May 9

 This morning we traveled to York where we would visit York Minster and York Castle Museum, while also having free time to explore the city.  

York Minster, the cathedral of YorkEngland, is one of the largest of its kind in Northern Europe. The minster is the seat of the Archbishop of York, the second-highest office of the Church of England, and is the cathedral for the Diocese of York

The title "minster" is attributed to churches established in the Anglo-Saxon period as missionary teaching churches, and serves now as an honorific title.

 York Minster is the second largest Gothic cathedral of Northern Europe and clearly charts the development of English Gothic architecture from Early English through to the Perpendicular Period. The present building was begun in about 1230 and completed in 1472.
 York Minster is home to The Astronomical Clock, a memorial to the men of the Royal Air Forces of the Commonwealth and their Allies who operating from bases in Yorkshire, Durham, and Northumberland, gave their lives for us in the second World War. 

 Our next stop was to York Castle Museum. The York Castle Museum was founded by Dr John Kirk, a doctor from Pickering, North Yorkshire, and houses his extraordinary collection of social history, reflecting everyday life in the county. One of its renowned displays is the reconstructed street, Kirkgate, that has been hugely influential in museum displays worldwide. The York Castle Museum is housed in a former debtors’ prison and an adjoining former women’s prison. 
The museum’s name comes from the fact it stands on the site of the former York Castle.
Gilligans Galloping Carousel: This carousel was made in Yorkshire around 1905. Lawrence Gilligan and his horse-drawn carousel were well known on the streets of York for forty years. Children paid for a turn with glass jars and rags if they had no money. This carousel was hand cranked by Mr. Gilligan and his wife Hilda.

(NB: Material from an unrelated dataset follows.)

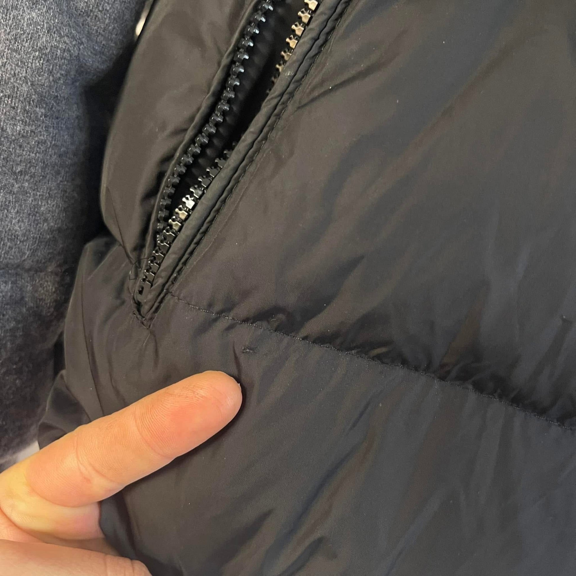 - Good used condition, missing right pocket zip & tiny pinhole next to pocket.

 The hearse was bought in 1908 by the Parish of Burneston, near Bedale, North Yorkshire. During the nineteenth and early twentieth centuries country Parishes often bought a bier or small hearse that could be pulled by hand or by a pony.

This hearse was pulled by hand if the funeral was for a person who lived in the village. A pony was used for the other villages in the Parish which were between one to four miles away.

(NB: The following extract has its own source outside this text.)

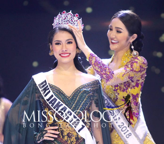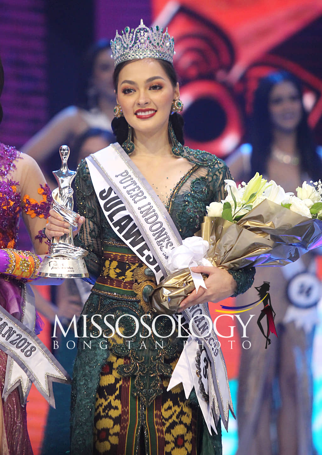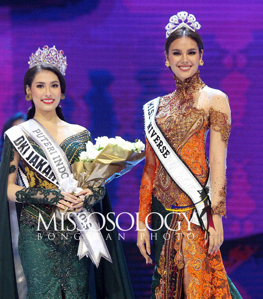 Cô được đương kim Miss Universe 2018 - Catriona Gray trao dải băng Puteri Indonesia 2019.

The photo to the left is of the street, Kirkgate, in the Castle Museum. Kirkgate is modeled after a typical street in the Victorian times. The street is to exemplify the life of the rich and the poor through the use of back streets, authentic York businesses, and thousands more goods on display. 

After the museum we had time to explore the city in small groups. Professor Wolfe treated us all to a traditional meal of Yorkshire Pudding.